DNA Testing: An Introduction For Non-Scientists
An
Illustrated Explanation
by DONALD E. RILEY, Ph.D.
University of Washington
(Copyright 1998)
Table of Contents
RFLP Analysis Explained in Easy Terms
The explanation of DNA testing that follows is intended as an introduction to the subject for those who may have limited backgrounds in biological science. While basically accurate, this explanation involves liberal use of illustration and, in some cases, over-simplification. Although intended to be informative, this is a brief and incomplete explanation of a complex subject. The author suggests consulting the scientific literature for more rigorous details and alternative views.
DNA is material that governs inheritance of eye color, hair color, stature, bone density and many other human and animal traits. DNA is a long but narrow string-like object. A one foot long string or strand of DNA is normally packed into a space roughly equal to a cube 1/millionth of an inch on a side. This is possible only because DNA is a very thin string.
Our body's cells each contain a complete sample of our DNA. One cell is roughly equal in size to the cube described in the previous paragraph. There are muscle cells, brain cells, liver cells, blood cells, sperm cells and others. Basically, every part of the body is made up of these tiny cells and each contains a sample or complement of DNA identical to that of every other cell within a given person. There are a few exceptions. For example, our red blood cells lack DNA. Blood itself can be typed because of the DNA contained in our white blood cells.
Not only does the human body rely on DNA but so do most living things including plants, animals and bacteria.

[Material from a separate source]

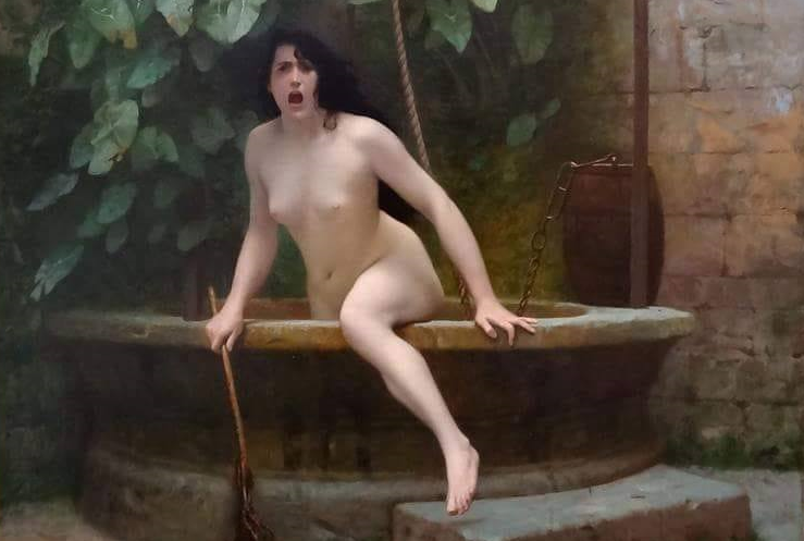 Reza uma lenda do Séc. XIX que um dia a Verdade e a Mentira encontraram-se. Diz a Mentira à Verdade: “Está um dia tão bonito”. E estava de facto um dia muito bonito. Passam algum tempo juntas até que chegam junto de um poço. ” A água está tão agradável, porque não tomamos um banho as duas?” sugere a Mentira. A Verdade, embora reticente, lá toca na água e a água estava realmente agradável. Despem-se então e banham-se. De repente a Mentira sai da água, veste as roupas da Verdade e foge. A Verdade salta do poço e corre todos os lugares para encontrar a Mentira e recuperar as suas vestes. O Mundo, vendo-se confrontado com a nudez da Verdade, revira os olhos, entre o desprezo e a raiva. A Verdade volta então ao poço onde desaparece para sempre, escondendo a sua vergonha.
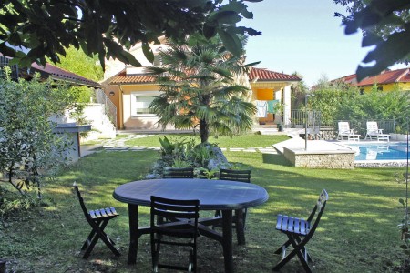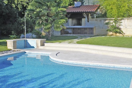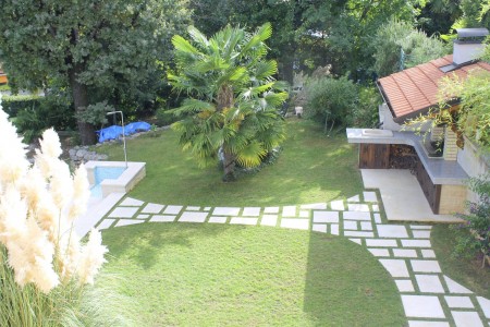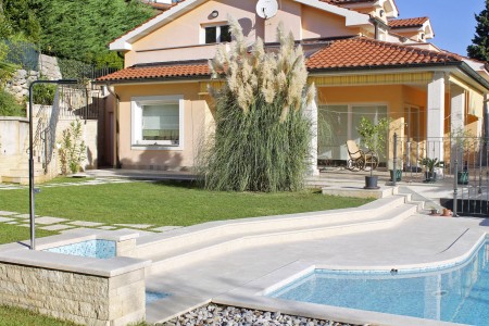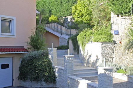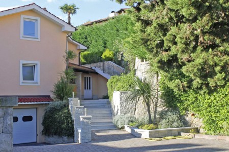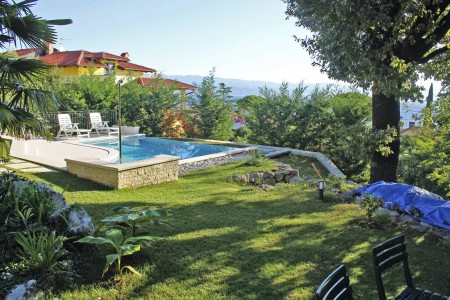 Das Haus mit zwei gemütlichen Ferienwohnungen und der Wohnung der Gastgeber liegt auf einem schönen und gepflegten, komplett eingezäunten Grundstück oberhalb des Küstenstädtchens Lovran. Von hier bietet sich ein herrlicher Ausblick auf das blaue Meer in der Kvarner Bucht mit ihren grünen Inseln. Der gepflegte Garten mit Swimmingpool (4 x 6 m), Sonnenliegen und Außendusche steht den Gästen beider Ferienwohnungen zur gemeinschaftlichen Nutzung zur Verfügung. Der in der Nähe liegende Naturpark Učka mit seiner bunten Tier- und Pflanzenwelt lädt zu ausgedehnten Wanderungen und Spaziergängen ein. Restaurant, Einkaufsmöglichkeit und auch der Strand sind bequem zu Fuß erreichbar. Von Lovran aus gelangt man über die 6 km lange Uferpromenade „Lungomare“ direkt nach Opatija, wo sich neben zahlreichen historischen Sehenswürdigkeiten Restaurants, Ausgehmöglichkeiten und viele Geschäfte befinden.

A strand of DNA is made up of tiny building blocks. There are only four, different basic building blocks. Scientists usually refer to these using four letters for the four different building blocks. The letters are: A, T, G, and C. These four letters are short nicknames for more complicated chemical names, but actually the letters (A,T, G and C) are used much more commonly than the chemical names so the latter will not be mentioned here. Another way of referring to the building blocks or letters is to call them bases.
For example, to refer to a particular piece of DNA, we might write: AATTGCCTTTTAAAAA. This is a perfectly acceptable way of describing a piece of DNA. Someone with a machine called a DNA synthesizer could actually synthesize the same piece of DNA from the information AATTGCCTTTTAAAAA alone.
The sequence of bases (letters) can code for many properties of the body's cells. The cells can read this code. Some DNA sequences encode important information for the cell. Such DNA is called, not surprisingly, "coding DNA." Our cells also contain much DNA that doesn't encode anything that we know about. If the DNA doesn't encode anything, it is called non-coding DNA or sometimes, "junk DNA."
The DNA code, or genetic code as it is called, is passed through the sperm and egg to the offspring. A single sperm cell contains about three billion bases consisting of A, T, G and C that follow each other in a well-defined sequence along the strand of DNA.
Both coding and non-coding DNAs may vary from one individual to another. These DNA variations can be used to identify people or at least distinguish one person from another.
What is a Locus?
A locus (with a hard "c", LOW-KUS) is simply a location in the DNA. The plural of locus is, loci (with a soft "c", pronounced LOW-SI). Again, the DNA is a long string like object. Until it is extracted from the cells and purified, the long string of human DNA is tightly folded into bundles called chromosomes.
The
illustration shows roughly how a pair of chromosomes might look in a microscope.
We have 23 pairs of chromosomes. The illustration shows chromosome 4, which
contains a locus called "GYPA." This locus is useful for forensic DNA testing
because it is polymorphic, which means that it may take different forms (i.e.,
have different sequences of bases) in different chromosomes. Each of the
possible forms is called an allele. Locus GYPA has two alleles, called A and B.
In the illustration, one of the two chromosomes has allele A and the other
allele B. A person with these chromosomes would be said to have genotype AB for
the GYPA locus.
Currently, there are two main types of forensic DNA testing. They are RFLP analysis and PCR-based analysis.
Generally, RFLP analysis requires larger amounts of DNA and the DNA must be undegraded. Crime-scene evidence that is old or that is present in small amounts is often unsuitable for RFLP testing. Warm moist conditions may accelerate DNA degradation rendering it unsuitable for RFLP in a relatively short period of time.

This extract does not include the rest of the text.